* [Work request]
The reply should contain only the lines from the start of the records through the line with "Beginning just off", reproduced verbatim and without pictures.

* [Source data]

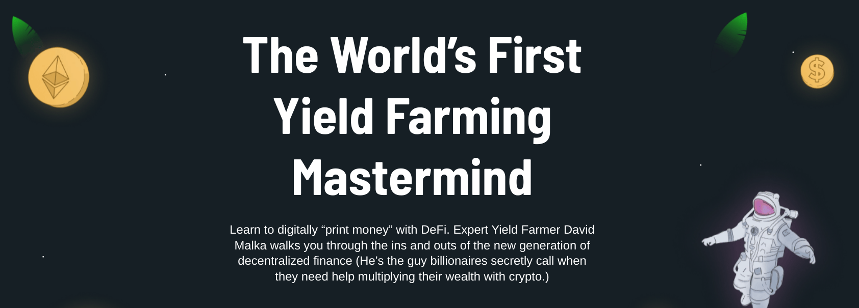 The world’s only yield farming mastermind. Over 20+ hours of advanced training on how to locate and profit from the highest yields. One private community of Yield Farmers sharing intel before it hits the mainstream. Access to our proprietary yield farming tools, spreadsheets, and systems.
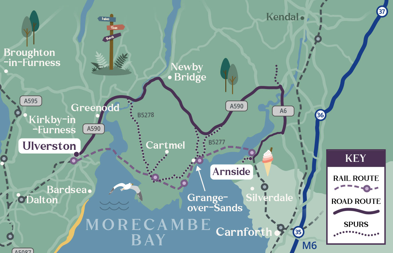 Beginning just off Junction 36 of the M6, this stretch of the Cumbria Coastal Route introduces you to the ever shifting landscapes of Morecambe Bay - a striking area of pretty towns and villages, fantastic food and drink, and an abundance of things to see and do.
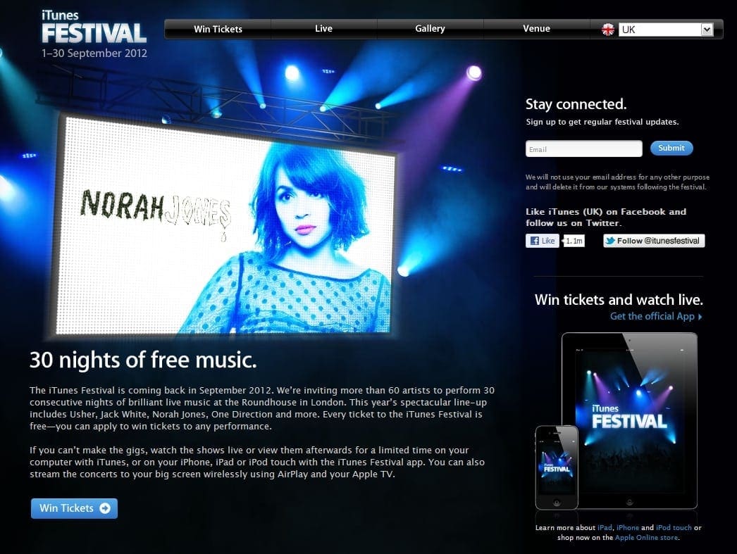 Apple a anunţat data la care va avea loc festivalul anual iTunes. În perioada 1-30 septembrie, Apple va organiza în clădirea Roundhouse din Londra un festival cu peste 60 de artişti, printre care Usher, Jack White şi Norah Jones.
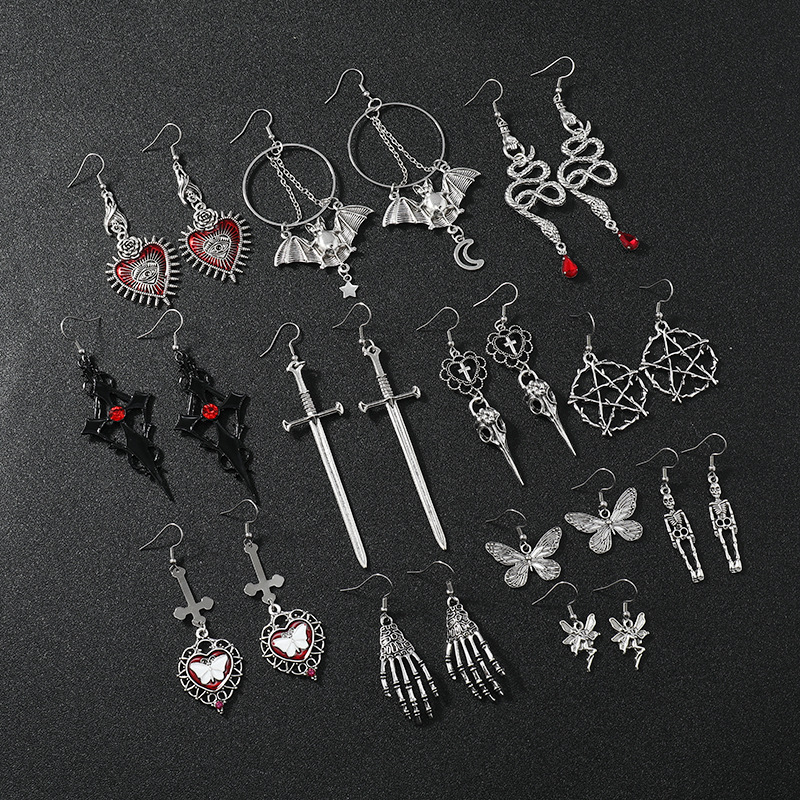 alliage de zinc Boucle d'oreille goutte, Placage, Halloween Design & Vintage & unisexe & styles différents pour le choix & avec strass, earring length 50-70mm, Vendu par paire
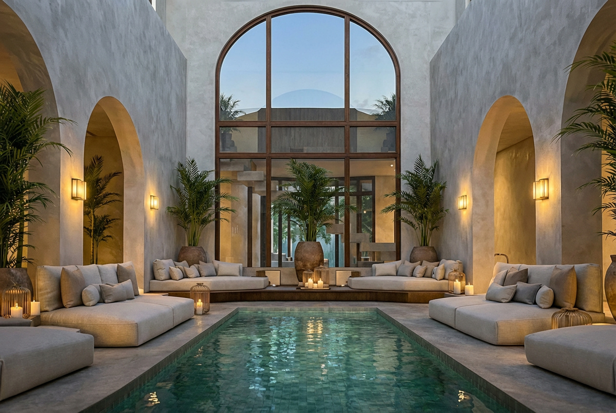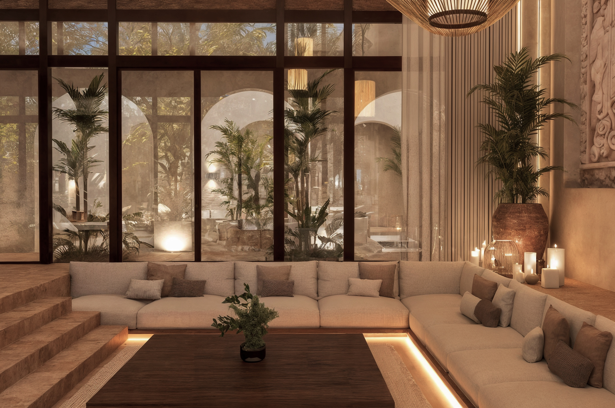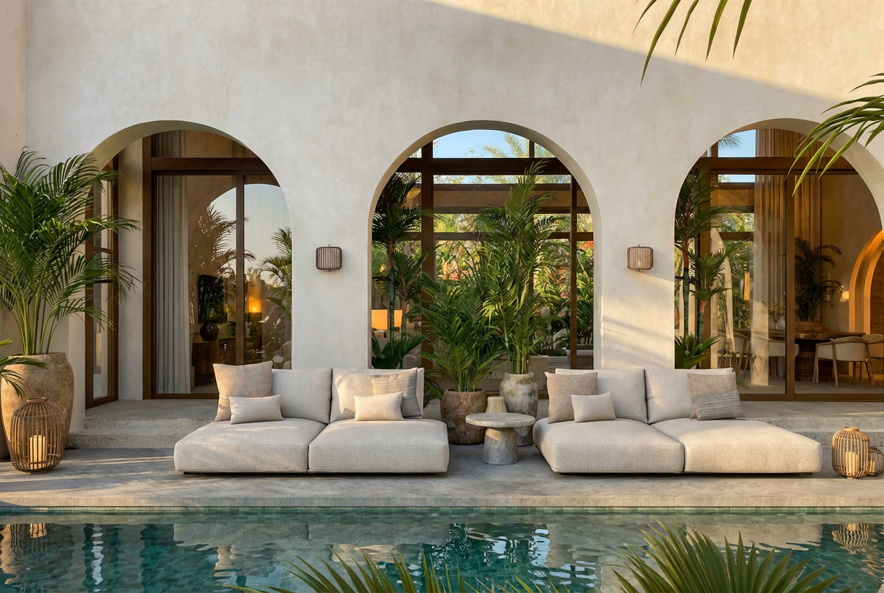 À travers des formes sculpturales, des matériaux naturels et des références subtiles au patrimoine ancestral, cette villa incarne profondeur et authenticité tout en conservant une sophistication contemporaine. Une résidence ancrée dans l'identité et le caractère.

* [Solution to this exercise]
 The world’s only yield farming mastermind. Over 20+ hours of advanced training on how to locate and profit from the highest yields. One private community of Yield Farmers sharing intel before it hits the mainstream. Access to our proprietary yield farming tools, spreadsheets, and systems.
 Beginning just off Junction 36 of the M6, this stretch of the Cumbria Coastal Route introduces you to the ever shifting landscapes of Morecambe Bay - a striking area of pretty towns and villages, fantastic food and drink, and an abundance of things to see and do.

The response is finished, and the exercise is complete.